==== COLLECTED DATA

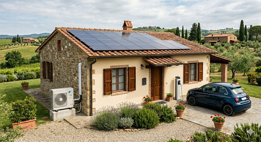Se decidi di rendere la tua casa davvero indipendente abbinando alla Pompa di Calore un Impianto Fotovoltaico e una Colonnina di Ricarica, Novelettra elimina ogni ostacolo economico applicando lo sconto in fattura immediatamente.
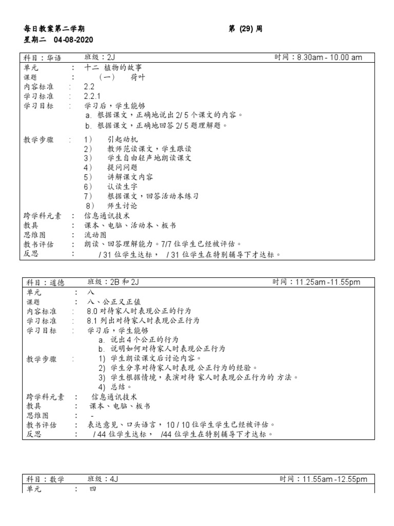 科目:华语 班级:2J 时间:7.30 am-8.30 am
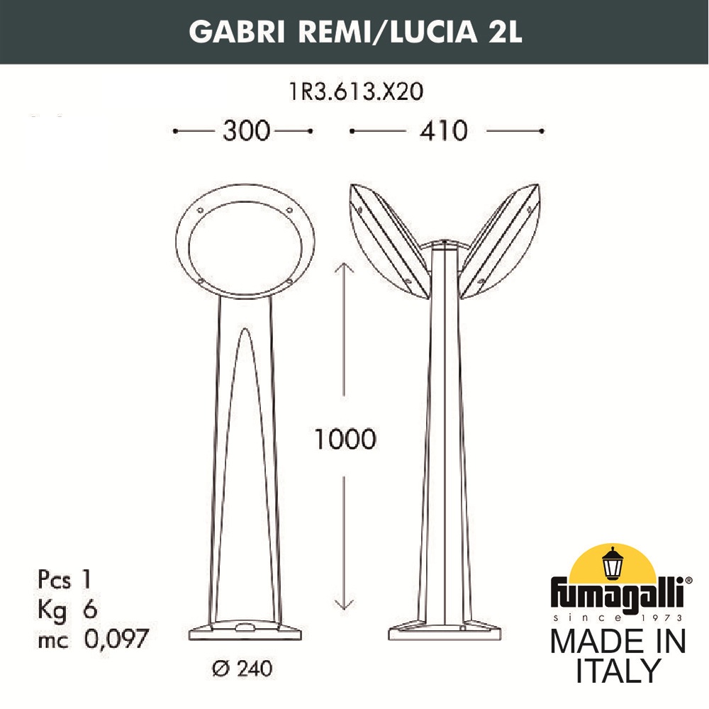 Садовый светильник-столбик наклонный Fumagalli Gabri remi/Lucia 2l 1R3. 613. X20. WYE27 в Тамбове

========

# WORK REQUIRED
Would you return the whole listing above exactly as written, skipping any image?

# RESULT OF THE EXERCISE
Se decidi di rendere la tua casa davvero indipendente abbinando alla Pompa di Calore un Impianto Fotovoltaico e una Colonnina di Ricarica, Novelettra elimina ogni ostacolo economico applicando lo sconto in fattura immediatamente.
 科目:华语 班级:2J 时间:7.30 am-8.30 am
 Садовый светильник-столбик наклонный Fumagalli Gabri remi/Lucia 2l 1R3. 613. X20. WYE27 в Тамбове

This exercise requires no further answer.